Records contained in a dataset

== Segment start ==

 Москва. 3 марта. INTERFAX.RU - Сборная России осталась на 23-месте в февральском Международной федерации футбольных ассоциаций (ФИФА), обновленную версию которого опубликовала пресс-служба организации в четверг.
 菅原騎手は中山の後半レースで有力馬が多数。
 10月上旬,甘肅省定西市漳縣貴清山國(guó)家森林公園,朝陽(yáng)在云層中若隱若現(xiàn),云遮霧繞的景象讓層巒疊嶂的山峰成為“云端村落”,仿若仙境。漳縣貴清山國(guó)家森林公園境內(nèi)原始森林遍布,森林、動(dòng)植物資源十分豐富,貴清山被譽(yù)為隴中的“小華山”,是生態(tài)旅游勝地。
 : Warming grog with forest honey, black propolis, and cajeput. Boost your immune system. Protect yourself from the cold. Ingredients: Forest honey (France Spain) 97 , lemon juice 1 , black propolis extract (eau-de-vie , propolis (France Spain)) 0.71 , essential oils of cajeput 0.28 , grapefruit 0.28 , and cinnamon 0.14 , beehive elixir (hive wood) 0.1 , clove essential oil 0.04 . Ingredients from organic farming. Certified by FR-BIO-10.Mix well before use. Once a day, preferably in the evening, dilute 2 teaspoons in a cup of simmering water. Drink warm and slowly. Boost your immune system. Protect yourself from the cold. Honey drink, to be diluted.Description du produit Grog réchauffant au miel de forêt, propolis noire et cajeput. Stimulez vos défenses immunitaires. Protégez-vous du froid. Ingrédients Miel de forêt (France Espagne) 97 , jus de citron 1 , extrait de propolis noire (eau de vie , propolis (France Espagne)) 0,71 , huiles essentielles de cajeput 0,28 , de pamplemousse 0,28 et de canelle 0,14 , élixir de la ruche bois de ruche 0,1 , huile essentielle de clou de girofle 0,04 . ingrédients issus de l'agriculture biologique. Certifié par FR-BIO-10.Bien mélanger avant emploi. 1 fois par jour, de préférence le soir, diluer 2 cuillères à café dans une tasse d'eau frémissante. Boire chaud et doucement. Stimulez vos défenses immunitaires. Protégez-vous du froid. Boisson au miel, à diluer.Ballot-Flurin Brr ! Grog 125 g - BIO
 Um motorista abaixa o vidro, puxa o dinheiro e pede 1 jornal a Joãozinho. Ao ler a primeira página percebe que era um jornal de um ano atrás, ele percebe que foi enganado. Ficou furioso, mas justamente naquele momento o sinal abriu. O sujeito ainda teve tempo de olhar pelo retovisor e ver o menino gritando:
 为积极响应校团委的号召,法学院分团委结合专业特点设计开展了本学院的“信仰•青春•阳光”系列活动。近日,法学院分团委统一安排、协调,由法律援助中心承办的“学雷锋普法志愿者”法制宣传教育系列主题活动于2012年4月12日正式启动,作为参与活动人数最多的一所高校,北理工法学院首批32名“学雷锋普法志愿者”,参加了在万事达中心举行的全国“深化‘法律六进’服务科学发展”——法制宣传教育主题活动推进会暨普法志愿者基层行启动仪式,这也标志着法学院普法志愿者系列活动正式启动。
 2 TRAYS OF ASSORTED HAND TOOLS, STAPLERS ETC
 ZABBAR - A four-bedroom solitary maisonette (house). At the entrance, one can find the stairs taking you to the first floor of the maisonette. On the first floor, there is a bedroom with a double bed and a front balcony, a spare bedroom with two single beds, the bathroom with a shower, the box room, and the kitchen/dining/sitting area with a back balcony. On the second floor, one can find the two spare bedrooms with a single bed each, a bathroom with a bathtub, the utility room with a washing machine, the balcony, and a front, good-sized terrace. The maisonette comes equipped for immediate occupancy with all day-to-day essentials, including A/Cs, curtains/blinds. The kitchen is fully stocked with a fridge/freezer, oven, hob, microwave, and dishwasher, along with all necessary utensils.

== Segment end ==

** TASK DESCRIPTION **
Using the records above, copy word for word the line with "125 g - BIO", the line with "2 TRAYS OF ASSORTED HAND TOOLS, STAPLERS ETC", and every line between them.

** ANSWER SPACE **
 : Warming grog with forest honey, black propolis, and cajeput. Boost your immune system. Protect yourself from the cold. Ingredients: Forest honey (France Spain) 97 , lemon juice 1 , black propolis extract (eau-de-vie , propolis (France Spain)) 0.71 , essential oils of cajeput 0.28 , grapefruit 0.28 , and cinnamon 0.14 , beehive elixir (hive wood) 0.1 , clove essential oil 0.04 . Ingredients from organic farming. Certified by FR-BIO-10.Mix well before use. Once a day, preferably in the evening, dilute 2 teaspoons in a cup of simmering water. Drink warm and slowly. Boost your immune system. Protect yourself from the cold. Honey drink, to be diluted.Description du produit Grog réchauffant au miel de forêt, propolis noire et cajeput. Stimulez vos défenses immunitaires. Protégez-vous du froid. Ingrédients Miel de forêt (France Espagne) 97 , jus de citron 1 , extrait de propolis noire (eau de vie , propolis (France Espagne)) 0,71 , huiles essentielles de cajeput 0,28 , de pamplemousse 0,28 et de canelle 0,14 , élixir de la ruche bois de ruche 0,1 , huile essentielle de clou de girofle 0,04 . ingrédients issus de l'agriculture biologique. Certifié par FR-BIO-10.Bien mélanger avant emploi. 1 fois par jour, de préférence le soir, diluer 2 cuillères à café dans une tasse d'eau frémissante. Boire chaud et doucement. Stimulez vos défenses immunitaires. Protégez-vous du froid. Boisson au miel, à diluer.Ballot-Flurin Brr ! Grog 125 g - BIO
 Um motorista abaixa o vidro, puxa o dinheiro e pede 1 jornal a Joãozinho. Ao ler a primeira página percebe que era um jornal de um ano atrás, ele percebe que foi enganado. Ficou furioso, mas justamente naquele momento o sinal abriu. O sujeito ainda teve tempo de olhar pelo retovisor e ver o menino gritando:
 为积极响应校团委的号召,法学院分团委结合专业特点设计开展了本学院的“信仰•青春•阳光”系列活动。近日,法学院分团委统一安排、协调,由法律援助中心承办的“学雷锋普法志愿者”法制宣传教育系列主题活动于2012年4月12日正式启动,作为参与活动人数最多的一所高校,北理工法学院首批32名“学雷锋普法志愿者”,参加了在万事达中心举行的全国“深化‘法律六进’服务科学发展”——法制宣传教育主题活动推进会暨普法志愿者基层行启动仪式,这也标志着法学院普法志愿者系列活动正式启动。
 2 TRAYS OF ASSORTED HAND TOOLS, STAPLERS ETC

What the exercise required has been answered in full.